Joining us this week is Kelly Strum, founder of Koinonia, a year-round Christ-centered nonprofit ministry partnering with Eau Claire Baptist Church. This summer, Kelly and her team are making a difference in the lives of 50 kids in their community by caring for physical and spiritual needs in real and tangible ways.
Show Transcript: CMBA Podcast 031 – Kelly Strum
Topic: Transforming Culture by Strengthening Community
Chris Reinolds: Welcome to the Columbia Metro Connection, a podcast where you can go to get valuable, relevant, and quality resources for you and your congregation. I’m Chris Reinolds, certified church consultant, lead pastor at Kilian Baptist church, and your host for this week’s episode. The Columbia Metro connection is sponsored and supported by the Columbia Metro Baptist Association and the almost 100 family churches that support the ministry of the CMBA. Joining me this week is Kelly Strum, founder of Koinonia, a year round, Christ-centered, nonprofit ministry partnering with Eau Claire Baptist Church. This summer Kelly and her team are making a difference in the lives of 50 kids in their community by caring for physical and spiritual needs in real and tangible ways. Through this ministry, Kelly wants every child to learn that they have worth and that God cares for them. Kelly, thank you so much for being with us on the podcast. We’re thrilled with the ministry that you guys are doing in the Eau Claire community here in Columbia.

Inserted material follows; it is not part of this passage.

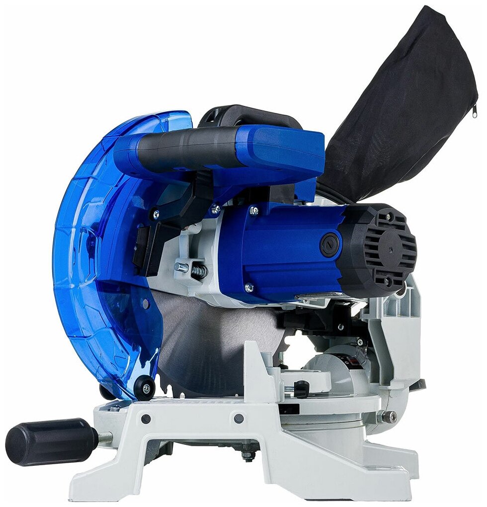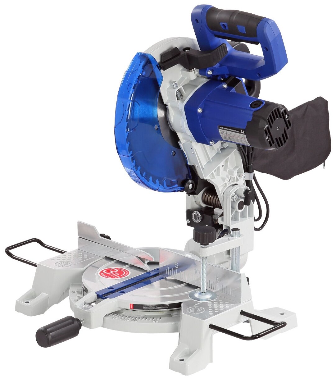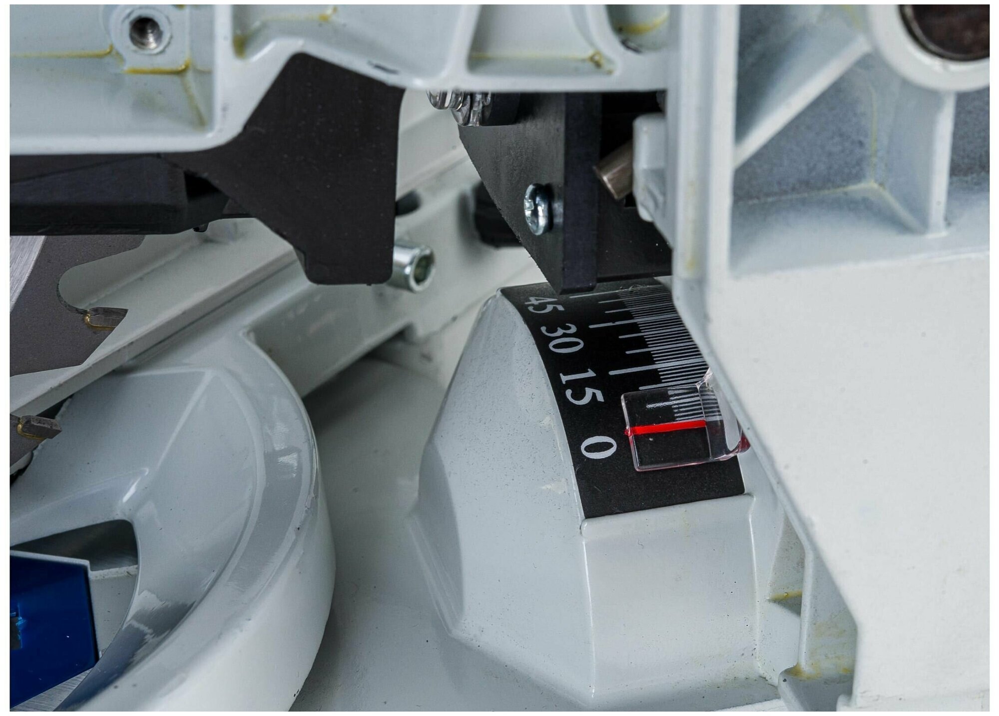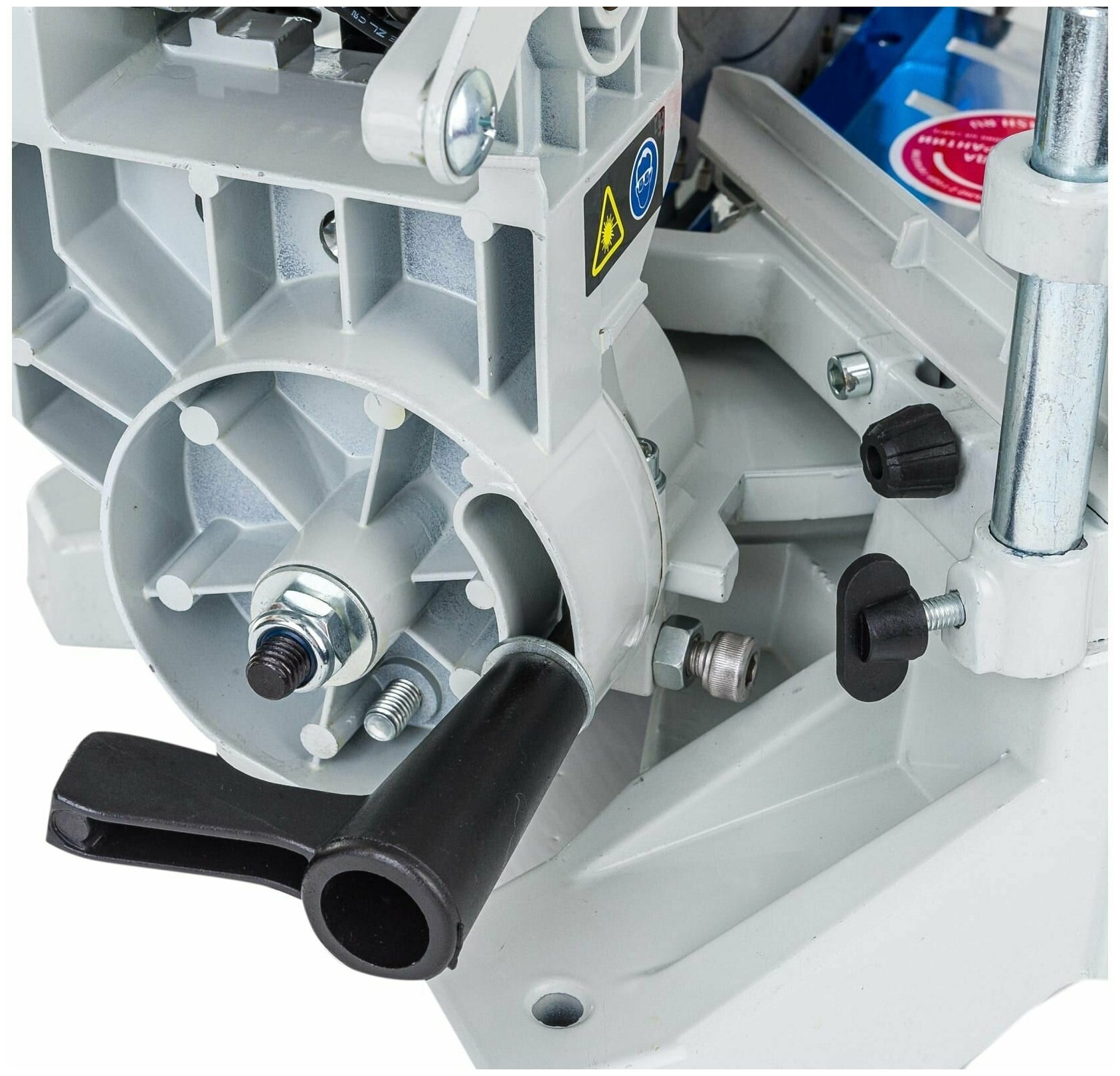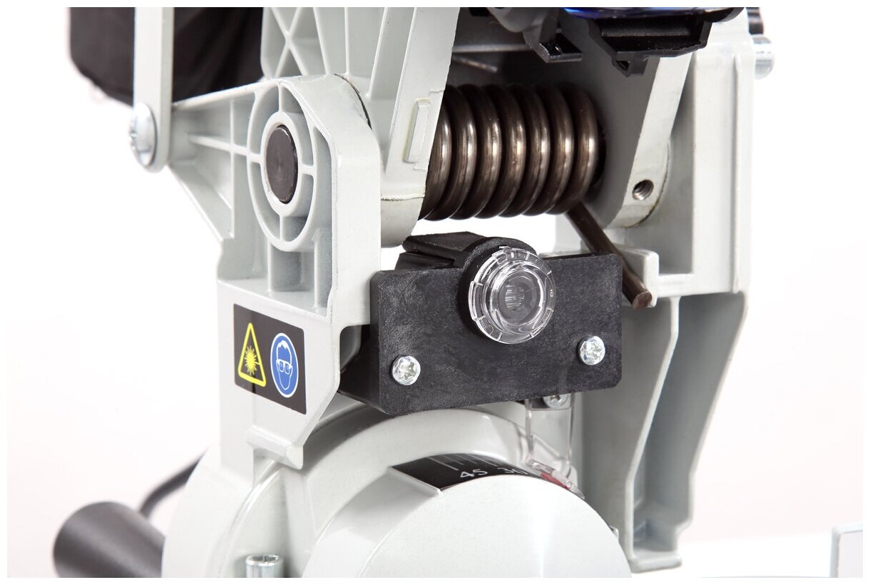 Специальный сплав обеспечивает легкость и прочность конструкции пилы. Режущая головка имеет возможность наклона до 45 градусов влево, защитный кожух закрывается автоматически. Стол поворотный. Для дополнительной точности предусмотрена лазерная направляющая. Замена диска осуществляется после нажатия кнопки блокировки шпинделя.

Kelly Strum: Thank you so much, Chris. I really appreciate George’s invitation and Columbia Metro just partnering with us through this. Koinonia is an asset-based community development nonprofit, often referred to as ABCD. This is a sociological model that is out of originally Northwestern University that has been moved to DePaul university, but as I shared with Julia as we were discussing Koinonia prior to her writing the article, though it’s the sociological model, to me it is a deeply theological mindset.
When I read the scriptures, all, old and new, I see in that that God is a creator of all things good and that our human eyes often, in our own fallenness, neglect to see the goodness of God in everything and in everyone. We divide ourselves and we have hierarchies and things that just intensify the sin nature, but when we ask for eyes to see and hearts to discern and scales to be removed from our eyes that so easily can be placed there, we can see the goodness of God in all people. I love to tell the children one of my main, actually the main goal, every summer…this is our third summer working with children in the Eau Claire community. I want them to know, when I ask them, “Who are you?” not to just tell me their name, but to say, “I’m a child of God.” I want them to know that I see God smiling through their smiles and shining through their eyes and that they are created in the image of God. If we’re all created in the image of God, then that means there is God’s goodness in all of us.
Chris Reinolds: Absolutely. Absolutely. Now, while some people see low economic growth, neglected communities, and declining neighborhoods, you see something more in those areas. You see a God-created people with gifts and talents and abilities. Can you share a little bit about how your perspective has changed while other people have this other perspective and what formed and shaped you to think differently in this way?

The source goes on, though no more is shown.